• THE TASK:
Wherever the line that contains "Policiais militares e" falls, repeat it and the lines after it exactly until the records end, without any pictures.

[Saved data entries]
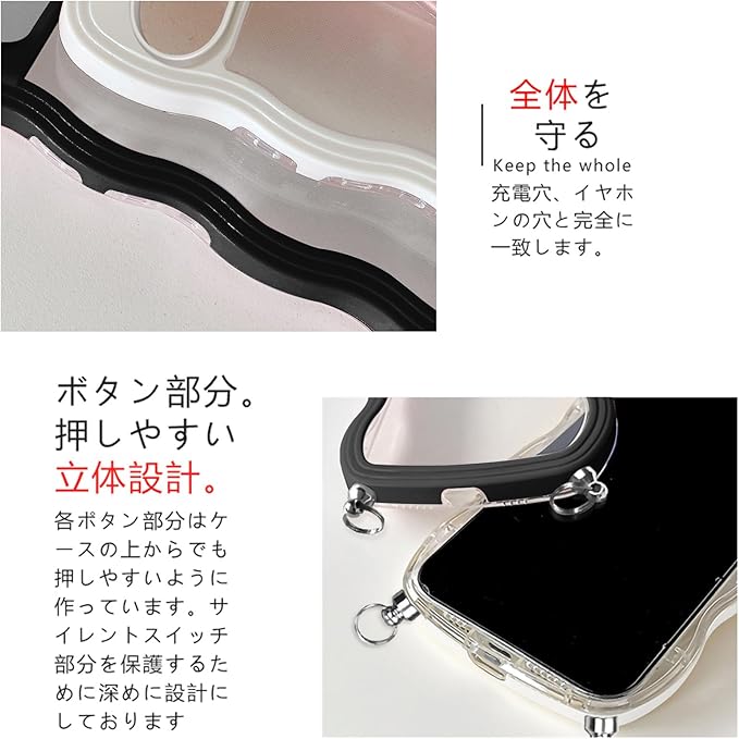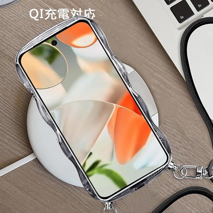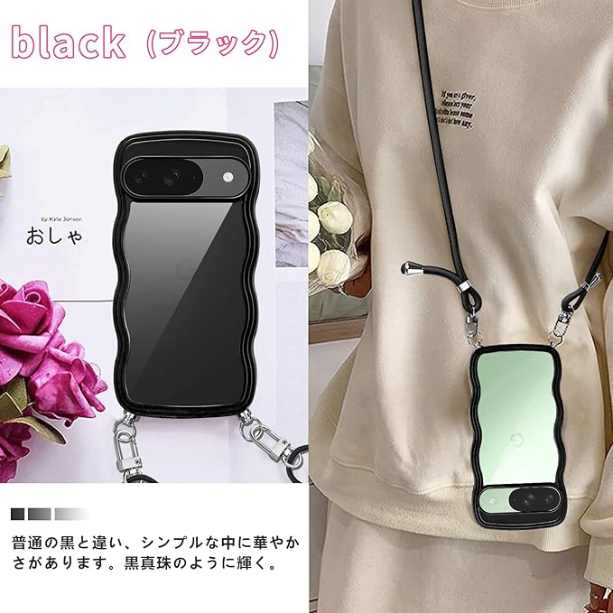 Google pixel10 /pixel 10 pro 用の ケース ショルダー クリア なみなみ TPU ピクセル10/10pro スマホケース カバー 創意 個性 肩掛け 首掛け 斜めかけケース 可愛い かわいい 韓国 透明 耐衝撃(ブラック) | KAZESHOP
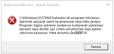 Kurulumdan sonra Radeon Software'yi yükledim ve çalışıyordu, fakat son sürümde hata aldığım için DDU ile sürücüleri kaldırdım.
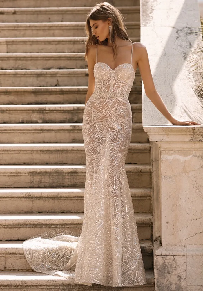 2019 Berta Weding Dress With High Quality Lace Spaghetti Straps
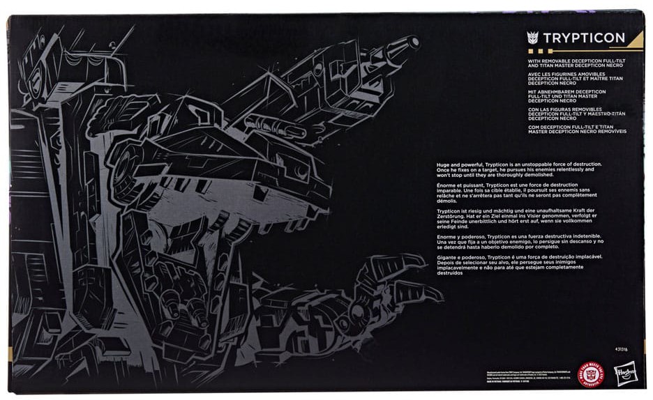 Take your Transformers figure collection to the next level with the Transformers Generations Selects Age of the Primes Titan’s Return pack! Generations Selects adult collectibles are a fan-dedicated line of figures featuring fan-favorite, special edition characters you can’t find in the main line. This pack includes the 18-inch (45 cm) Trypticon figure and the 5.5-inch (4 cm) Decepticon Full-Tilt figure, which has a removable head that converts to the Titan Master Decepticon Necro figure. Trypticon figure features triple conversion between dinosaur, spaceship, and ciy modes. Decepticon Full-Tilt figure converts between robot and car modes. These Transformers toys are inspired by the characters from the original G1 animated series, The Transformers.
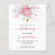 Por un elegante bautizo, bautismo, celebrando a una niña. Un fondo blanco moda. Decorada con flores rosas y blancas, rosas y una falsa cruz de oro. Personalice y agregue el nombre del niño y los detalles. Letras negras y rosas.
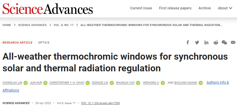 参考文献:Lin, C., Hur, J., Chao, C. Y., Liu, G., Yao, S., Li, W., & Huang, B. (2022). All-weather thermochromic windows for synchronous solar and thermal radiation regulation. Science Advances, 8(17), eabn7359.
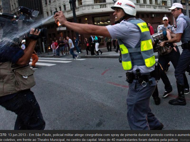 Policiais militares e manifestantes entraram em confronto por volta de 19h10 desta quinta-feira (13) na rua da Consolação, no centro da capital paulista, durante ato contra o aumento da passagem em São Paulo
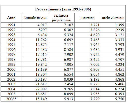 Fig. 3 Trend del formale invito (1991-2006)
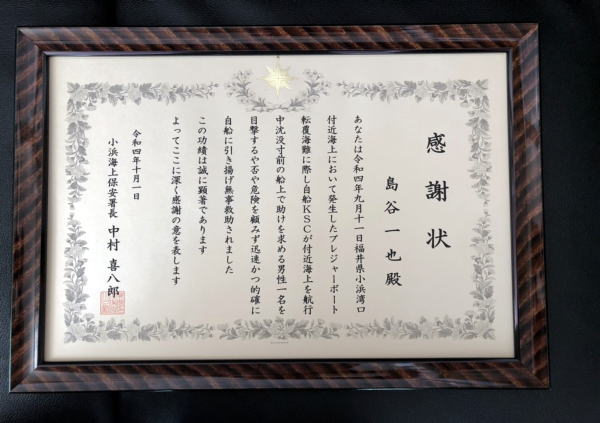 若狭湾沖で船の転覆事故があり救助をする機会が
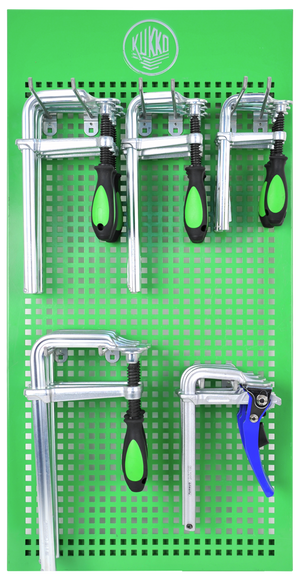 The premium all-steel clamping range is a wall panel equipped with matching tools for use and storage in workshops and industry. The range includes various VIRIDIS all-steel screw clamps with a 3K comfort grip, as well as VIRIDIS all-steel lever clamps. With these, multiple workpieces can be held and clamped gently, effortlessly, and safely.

• EXERCISE ANSWER:
 Policiais militares e manifestantes entraram em confronto por volta de 19h10 desta quinta-feira (13) na rua da Consolação, no centro da capital paulista, durante ato contra o aumento da passagem em São Paulo
 Fig. 3 Trend del formale invito (1991-2006)
 若狭湾沖で船の転覆事故があり救助をする機会が
 The premium all-steel clamping range is a wall panel equipped with matching tools for use and storage in workshops and industry. The range includes various VIRIDIS all-steel screw clamps with a 3K comfort grip, as well as VIRIDIS all-steel lever clamps. With these, multiple workpieces can be held and clamped gently, effortlessly, and safely.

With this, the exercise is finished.